# Given material
********************
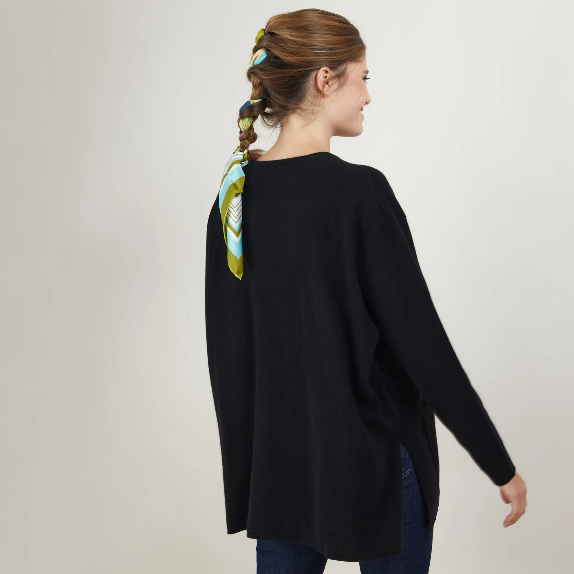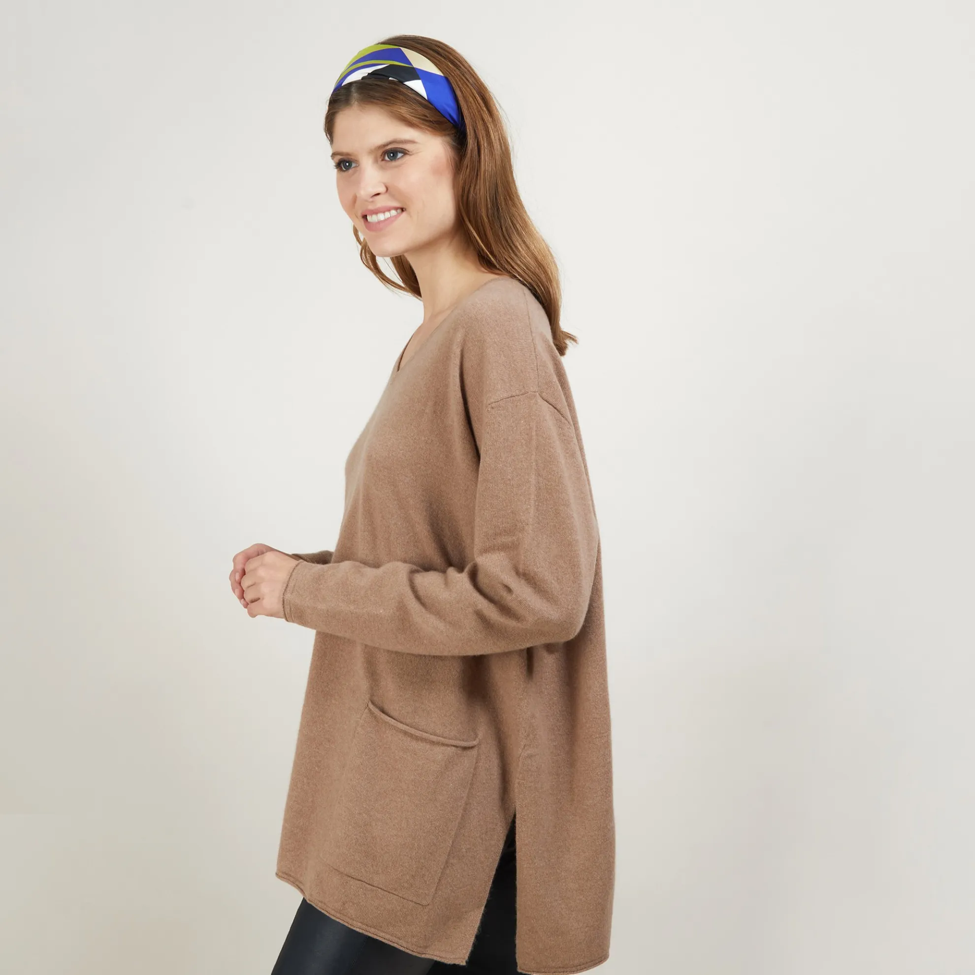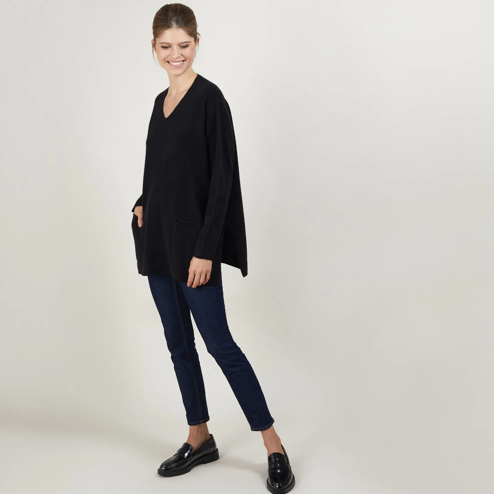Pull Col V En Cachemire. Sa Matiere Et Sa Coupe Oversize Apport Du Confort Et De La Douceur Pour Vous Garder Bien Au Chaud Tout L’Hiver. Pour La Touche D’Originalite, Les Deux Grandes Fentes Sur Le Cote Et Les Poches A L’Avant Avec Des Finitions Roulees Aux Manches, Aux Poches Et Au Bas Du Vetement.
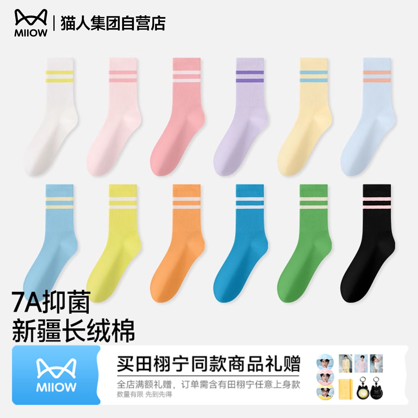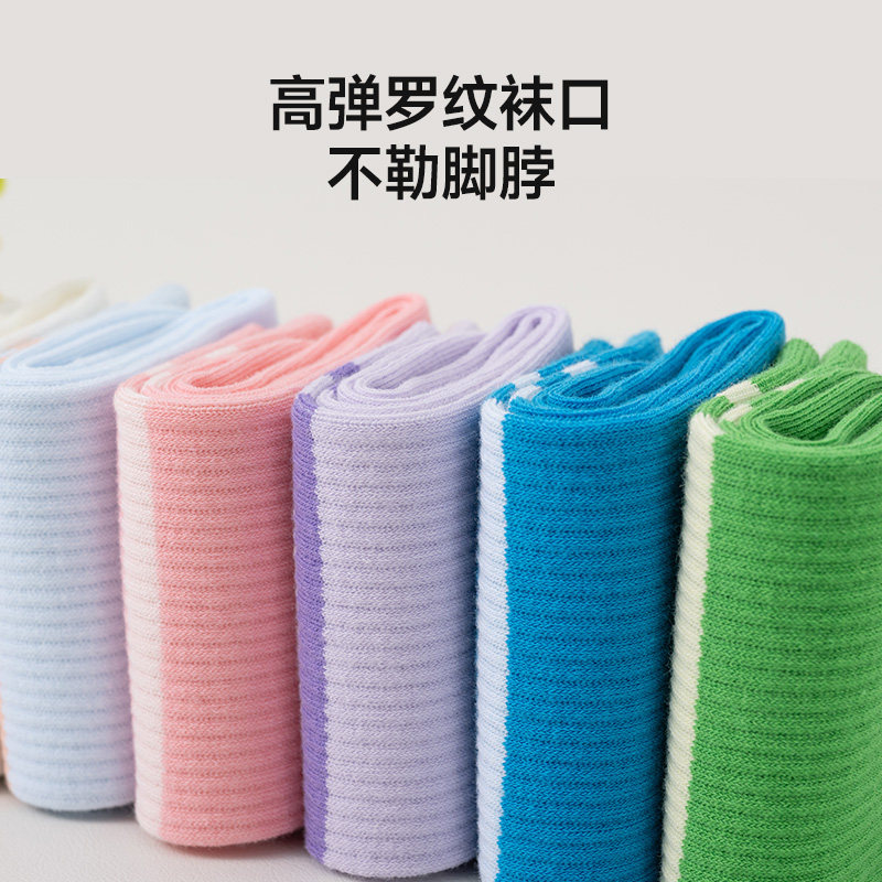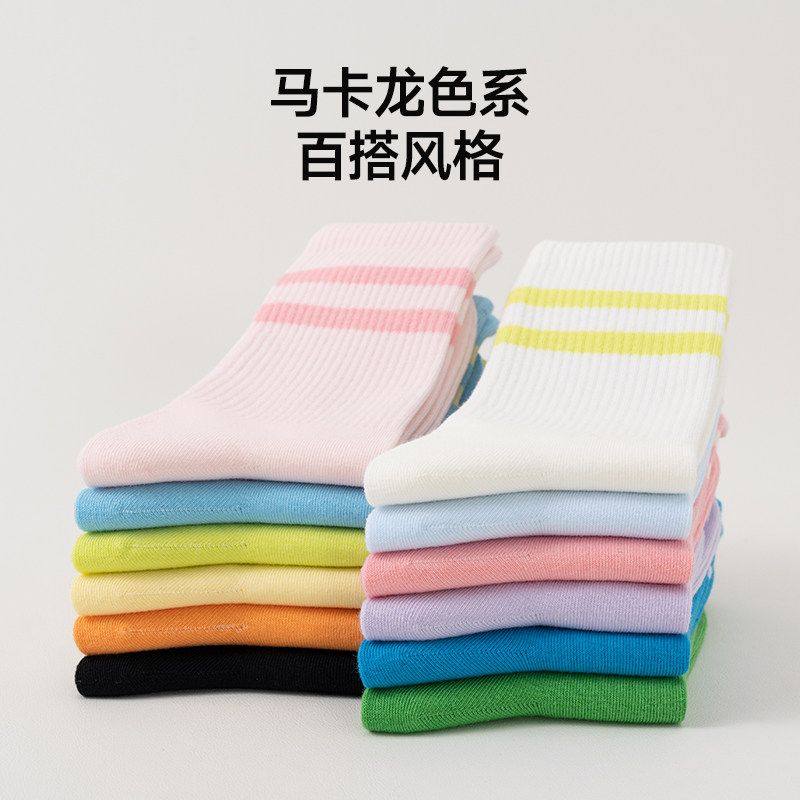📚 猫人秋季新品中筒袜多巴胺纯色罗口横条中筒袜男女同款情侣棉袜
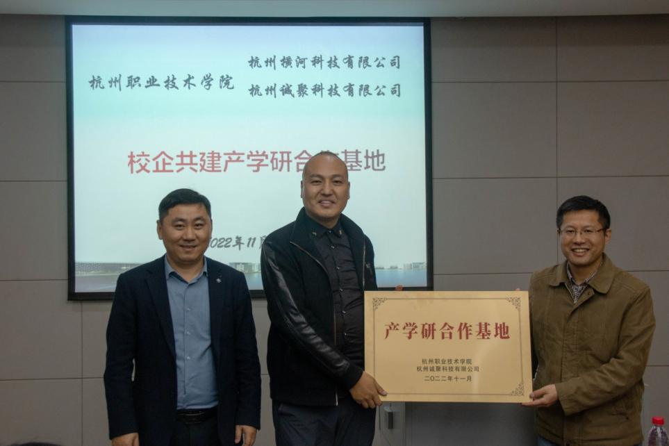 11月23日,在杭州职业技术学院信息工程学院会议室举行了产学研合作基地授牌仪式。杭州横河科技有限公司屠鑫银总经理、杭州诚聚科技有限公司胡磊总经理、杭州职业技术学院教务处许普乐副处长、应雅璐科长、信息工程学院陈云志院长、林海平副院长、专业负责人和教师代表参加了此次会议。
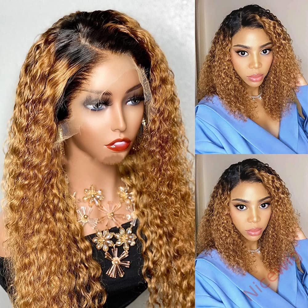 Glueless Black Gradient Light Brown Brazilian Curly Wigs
********************
# What you are asked to do
Drop the pictures and set down the data above exactly.

# Written answer
Pull Col V En Cachemire. Sa Matiere Et Sa Coupe Oversize Apport Du Confort Et De La Douceur Pour Vous Garder Bien Au Chaud Tout L’Hiver. Pour La Touche D’Originalite, Les Deux Grandes Fentes Sur Le Cote Et Les Poches A L’Avant Avec Des Finitions Roulees Aux Manches, Aux Poches Et Au Bas Du Vetement.
📚 猫人秋季新品中筒袜多巴胺纯色罗口横条中筒袜男女同款情侣棉袜
 11月23日,在杭州职业技术学院信息工程学院会议室举行了产学研合作基地授牌仪式。杭州横河科技有限公司屠鑫银总经理、杭州诚聚科技有限公司胡磊总经理、杭州职业技术学院教务处许普乐副处长、应雅璐科长、信息工程学院陈云志院长、林海平副院长、专业负责人和教师代表参加了此次会议。
 Glueless Black Gradient Light Brown Brazilian Curly Wigs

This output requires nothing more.